Restate the data below word for word, omitting pictures.
*** Opening DATA SEGMENT ***
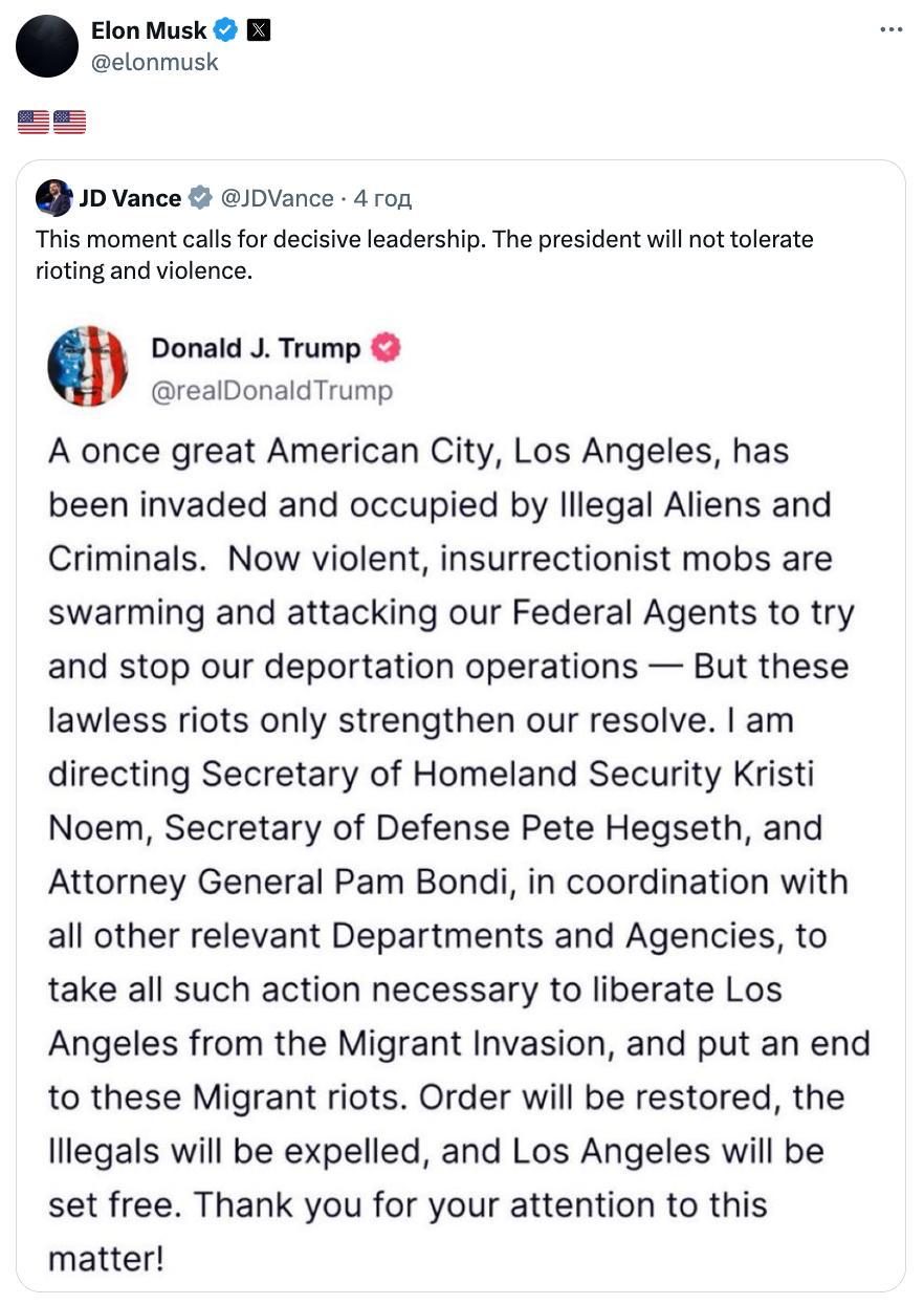 В публикации говорится о том, что президент поручил Национальной гвардии "принять все необходимые меры для освобождения Лос-Анджелеса от нашествия мигрантов и положить конец этим беспорядкам".
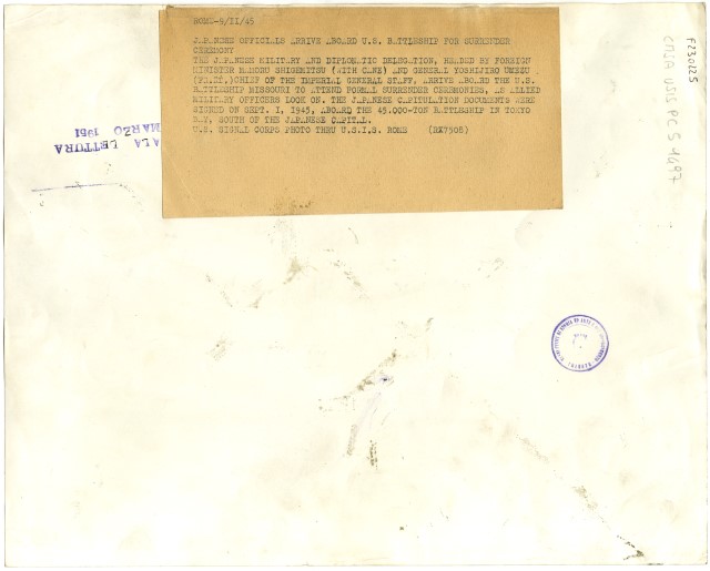 Japanese officials arrive aboard U. S. battleship for surrender
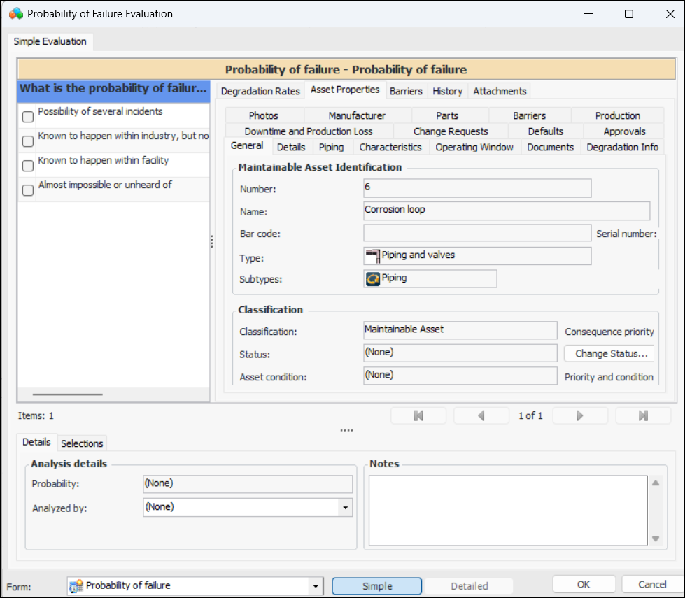 6. Complete the evaluation, selecting options for each category, entering notes, and using the arrow buttons to move between categories. If different evaluation types have been defined in the form’s design, you can select Simple or Detailed, as required by the complexity of the failure mode that you are analyzing.As you move through the analysis, the Probability box displays the most severe probability value assigned to your selections. For example, if you select options for three categories, two of which have a result of “Negligible” and one with a result of “High”, the score for the evaluation as a whole will be “High”. This will be the probability used in the risk analysis.
*** Closing DATA SEGMENT ***
» YOUR RESPONSE:
 В публикации говорится о том, что президент поручил Национальной гвардии "принять все необходимые меры для освобождения Лос-Анджелеса от нашествия мигрантов и положить конец этим беспорядкам".
 Japanese officials arrive aboard U. S. battleship for surrender
 6. Complete the evaluation, selecting options for each category, entering notes, and using the arrow buttons to move between categories. If different evaluation types have been defined in the form’s design, you can select Simple or Detailed, as required by the complexity of the failure mode that you are analyzing.As you move through the analysis, the Probability box displays the most severe probability value assigned to your selections. For example, if you select options for three categories, two of which have a result of “Negligible” and one with a result of “High”, the score for the evaluation as a whole will be “High”. This will be the probability used in the risk analysis.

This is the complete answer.